Pancho Villa in popular culture

Pancho Villa was famous during the Mexican Revolution and has remained so, holding a fairly mythical reputation in Mexican consciousness, but not officially recognized in Mexico until long after his death.[1] As the "Centaur from the North" he was considered a threat to property and order on both sides of the border, feared, and revered, as a modern Robin Hood.

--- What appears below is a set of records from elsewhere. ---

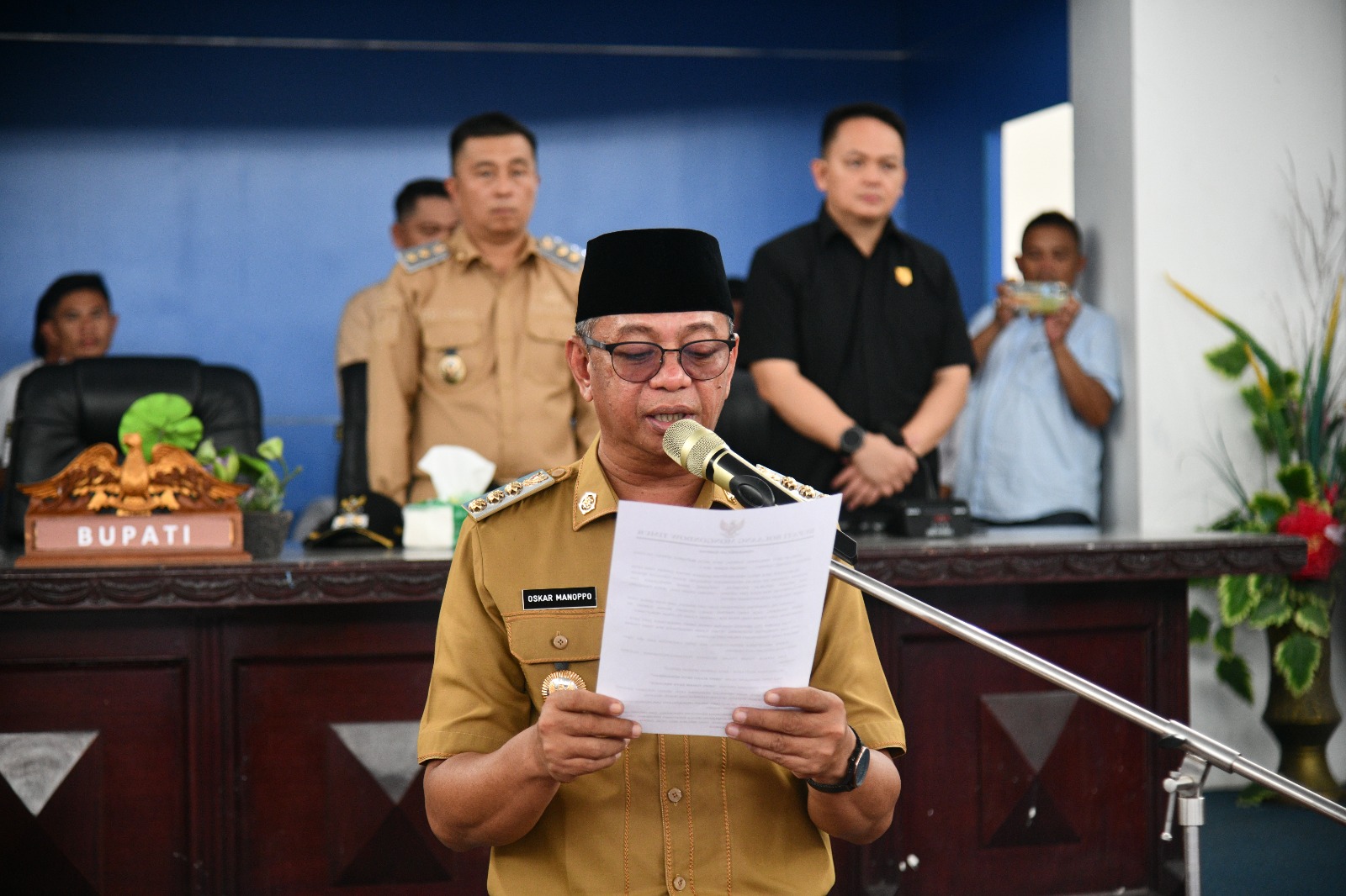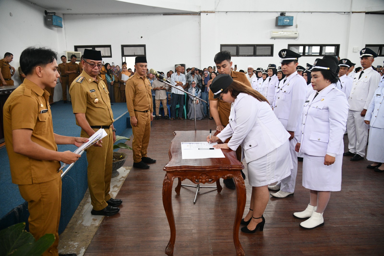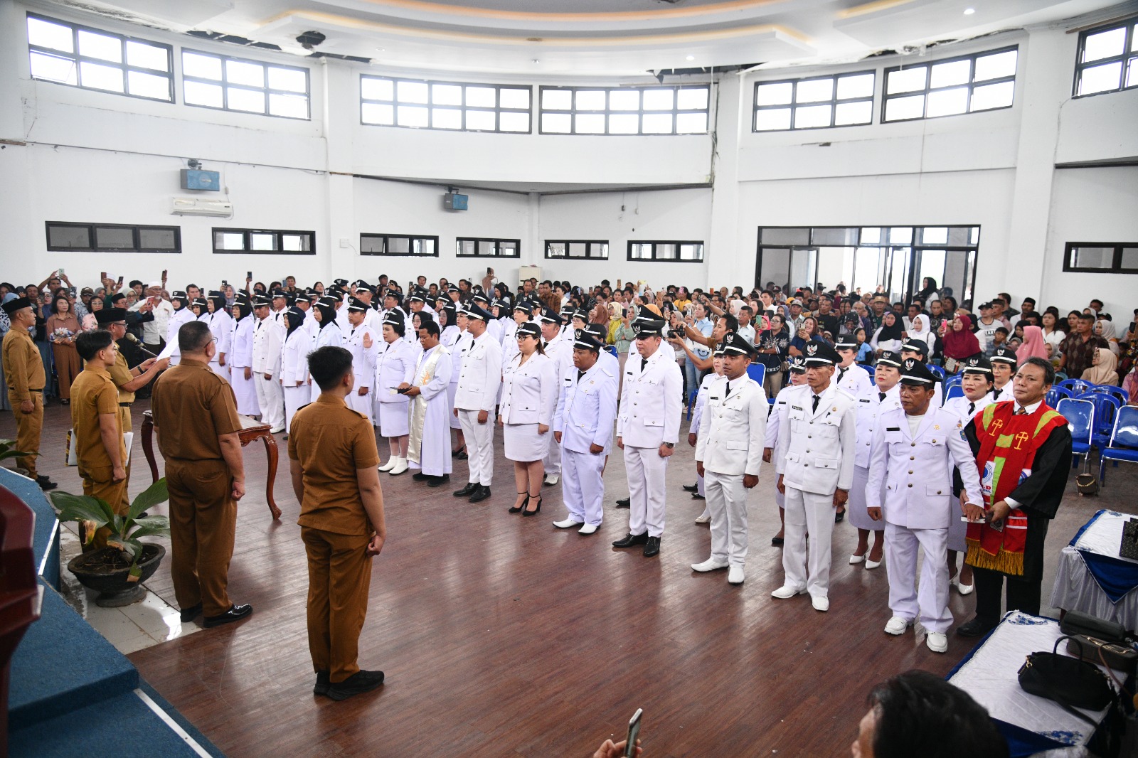 IKNews, BOLTIM – Bupati Bolaang Mongondow Timur (Boltim), Oskar Manoppo, SE,MM, yang didampingi Wakil Bupati Argo Sumaiku, secara resmi melantik 59 Penjabat Sangadi di Desa se-Kabupaten Boltim, Selasa (25/03/2025) berlangsung lantai tiga.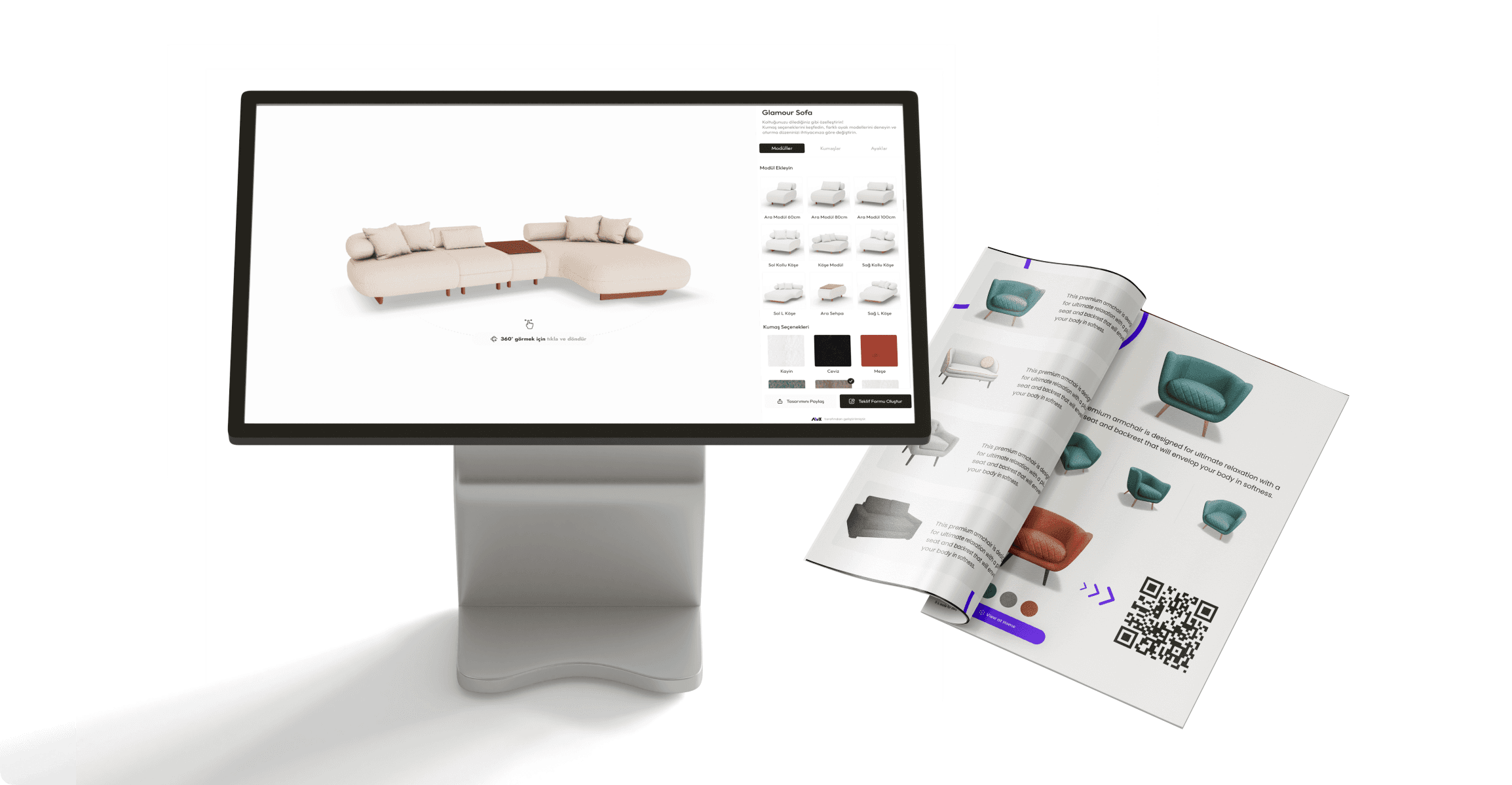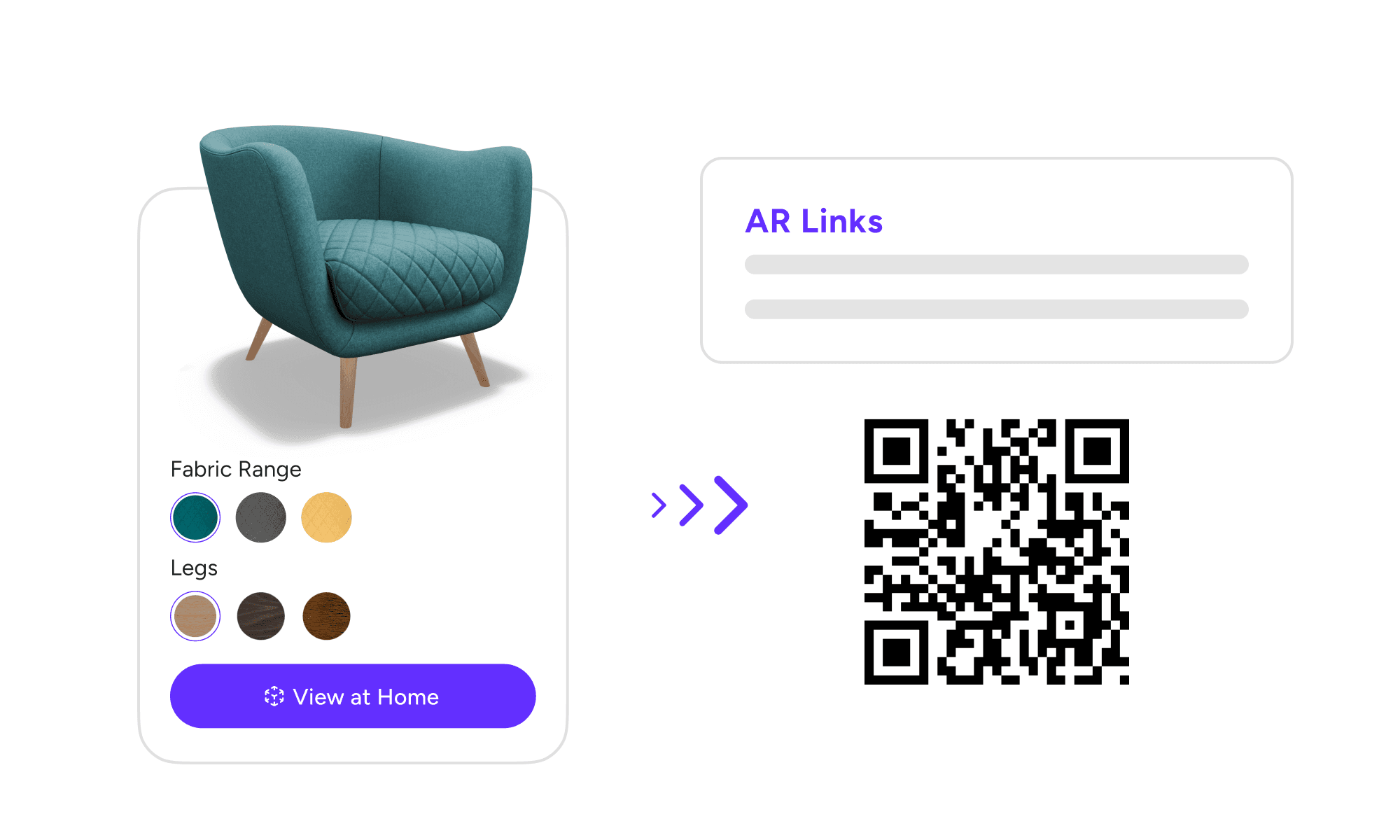 Every product receives a: • Configurator URL • 3D Viewer URL • AR Quick Look link • QR code for offline or showroom use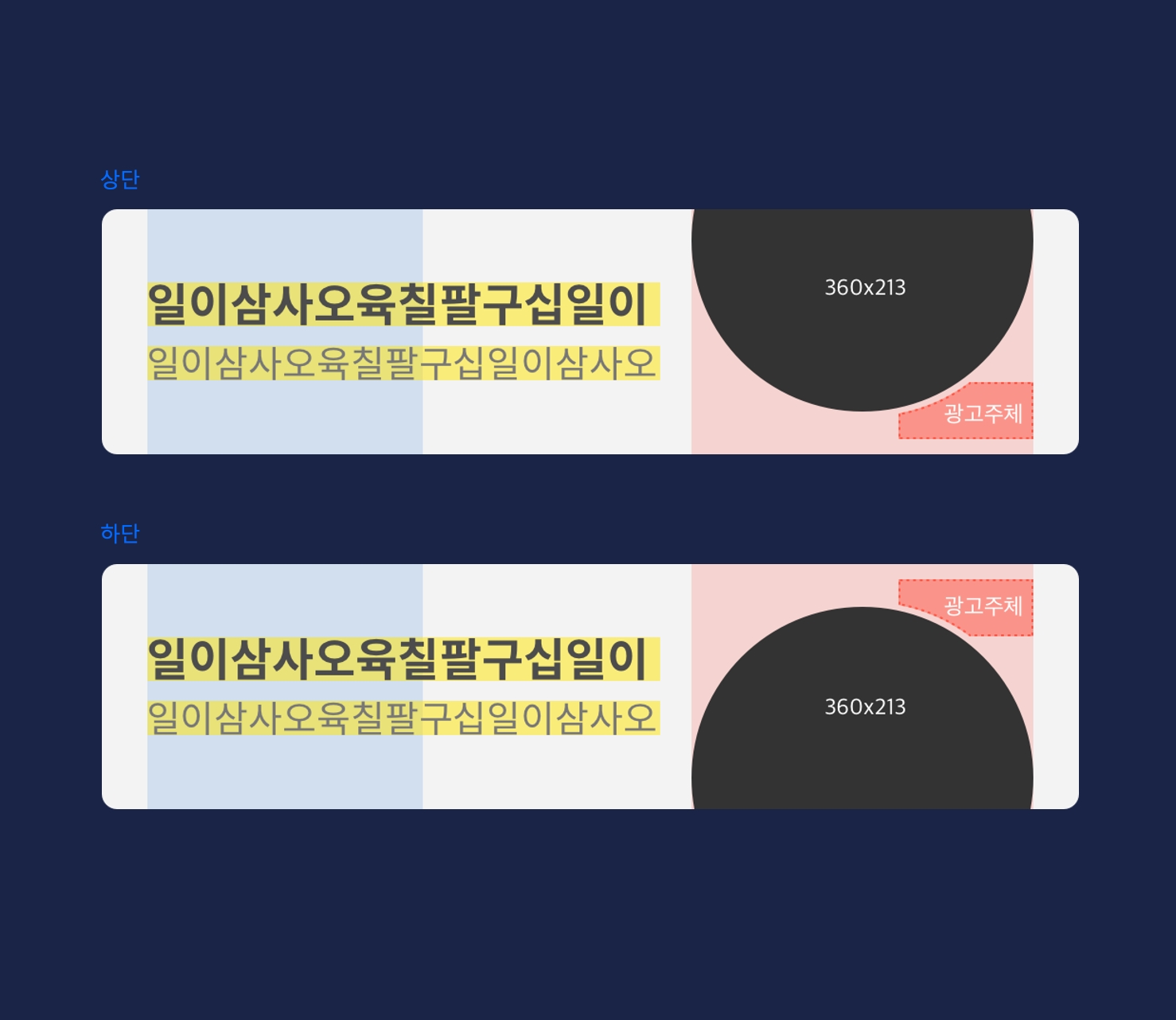 • 메인 카피와 서브 카피 둘 중 하나는 반드시 텍스트 최소 길이(480px)를 준수해서 제작

Pancho Villa remains a controversial figure in the United States. USA Today reported, "A terrorist in 1916, a tourist attraction in 2011. ... On Jan. 8, 1916, 18 U.S. businessmen were massacred by Villa's men in a train robbery in northern Mexico. It was not the first or last of Villa's atrocities; he personally shot a priest who begged for clemency for his villagers, as well as a woman who blamed him for her husband's death."[2]

In films, video, and television

Villa appeared as himself in the films Life of Villa (1912),[3] Barbarous Mexico (1913),[4] With General Pancho Villa in Mexico (1913), The Life of General Villa (1914)[5] and Following the Flag in Mexico (1916).[6]

Films based on Pancho Villa have appeared since the early years of the Revolution and have continued to be made into the twenty-first century. Hollywood's role in the shaping of the image of Villa, the Mexican Revolution, and U.S. public opinion has been the subject of a scholarly study.[7] The 1934 biopic Viva Villa! was nominated for an Academy Award for Best Picture.[8][9] In 2003, HBO broadcast And Starring Pancho Villa as Himself, with Antonio Banderas as Villa that focuses on the making of the film The Life of General Villa.[10][11]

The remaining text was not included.